Fairfax Court House would come under control of Southern troops again during a portion of 1862, but by the end of that year, Union troops again had control of the area, and would remain in possession of it until the end of the war. Period photographs of the courthouse building show it being used as a lookout point and station for Northern patrols. Other descriptions indicate that the courthouse was ransacked, its furnishings removed, and the interior generally gutted so that only the walls and roof remained. For all practical purposes, the courthouse and its related buildings were, in the years 1863 and 1864, a military outpost and minor headquarters in the Union army's system to protect its supply and communications lines from the irregular troops who kept hostilities constantly smoldering in Northern Virginia. Many important documents related to the legal proceedings of Fairfax County that were held in the courthouse were destroyed during the war years.

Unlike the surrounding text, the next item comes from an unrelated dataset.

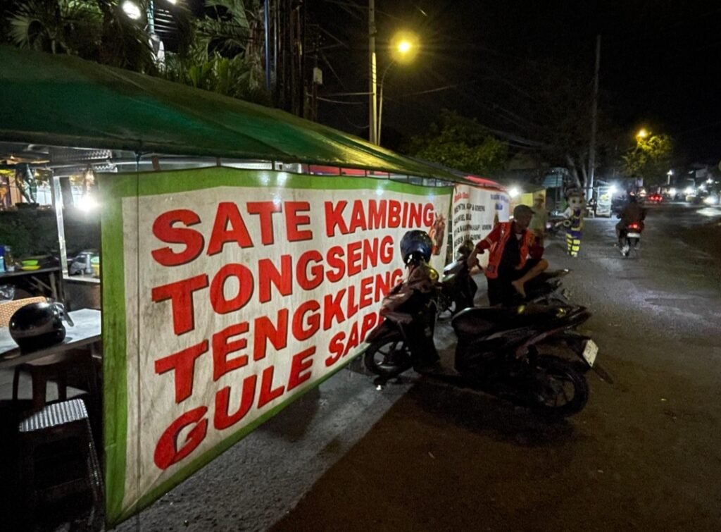 Sate tenda ini menyediakan sate kambing, tongseng, tengkleng, dan gule sapi. Yang hobi kepala kambing, babat, dan tulang juga ada.

One item of particular importance to the courthouse was actually spared. When Confederate troops withdrew from Fairfax Court House in the fall of 1861, the will of George Washington, which was held at the courthouse, was secretly removed from the building by the court clerk, Alfred Moss, and taken to Richmond, Virginia. Here it was placed for safekeeping with the Secretary of the Commonwealth of Virginia. Following the end of the Civil War, it was returned to Fairfax. Martha Washington's will, also held at the courthouse, was not removed but remained there during the time it was occupied by Union troops. In late 1862, a group of soldiers were engaged in shoveling out the debris from the floor. According to some recollections, a Union lieutenant grew curious about some of the papers in the building, and upon examination, realized some included the will of Martha Washington, so he took it with him. The will would appear again in 1903 in England where the lieutenant was said to have sold it to a man named J.P. Morgan. The will remained in the Morgan family until it was returned to Fairfax County at some point during the twentieth century.
During the later years of the Civil War, when Northern Troops occupied the courthouse, the jail adjacent to the building was used as a storehouse and a holding cell for military prisoners. After fire destroyed the jail in 1884, a new structure was built a year later. The jailer had his living quarters in the front portion of this new building, which served as his residence until 1948. The building itself ceased to be used for detention of prisoners shortly after that time. Since 1956, the old jail building has been used for offices of various county agencies, including the juvenile court and probation office, civil defense office, fire board, police dispatcher, and recreation department. In the past century, the traditional courthouse square was altered by the addition of new wings to the historic 1800 building. These additions, constructed in 1929 and 1953, extend the courthouse square southward to form the present large E-shaped building. During these renovations, a small brick office, built in 1870 for the Clerk of the Court and other county officials, was torn down. For a time, all major county offices were housed in the new courthouse addition. In 1969, a fifteen story county office building was built immediately southwest of the old courthouse building, to provide space for the Board of Supervisors and many extended county offices. In addition to housing the courts, the courthouse also serves as a place for recording and storing records of deeds and wills. The original wills of George and Martha Washington are currently on display in the County Court Clerk's office. The Historic Fairfax County Courthouse and Jail were added to the National Register of Historic Places in 1981. It is located in the City of Fairfax Historic District.
Today, the original courthouse building and the subsequent additions serve the Circuit Court, General District Court, and Juvenile and Domestic Relations of Fairfax County.